--- Directions for this task ---
For the entries below, print exactly the lines between the line holding "Babe swims in shit and piss in barn" and the line holding "Este documento descreve", inclusive, and nothing else.

--- Input ---
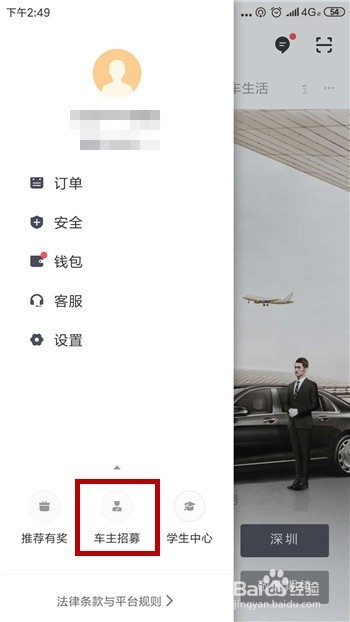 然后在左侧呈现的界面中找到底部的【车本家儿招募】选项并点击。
---
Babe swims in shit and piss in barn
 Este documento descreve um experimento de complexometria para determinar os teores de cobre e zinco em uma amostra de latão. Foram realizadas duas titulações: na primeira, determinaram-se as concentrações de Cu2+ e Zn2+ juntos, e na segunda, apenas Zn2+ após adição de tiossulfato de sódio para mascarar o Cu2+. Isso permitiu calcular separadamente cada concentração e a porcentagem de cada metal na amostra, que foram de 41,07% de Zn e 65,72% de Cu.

--- Your response ---
Babe swims in shit and piss in barn
 Este documento descreve um experimento de complexometria para determinar os teores de cobre e zinco em uma amostra de latão. Foram realizadas duas titulações: na primeira, determinaram-se as concentrações de Cu2+ e Zn2+ juntos, e na segunda, apenas Zn2+ após adição de tiossulfato de sódio para mascarar o Cu2+. Isso permitiu calcular separadamente cada concentração e a porcentagem de cada metal na amostra, que foram de 41,07% de Zn e 65,72% de Cu.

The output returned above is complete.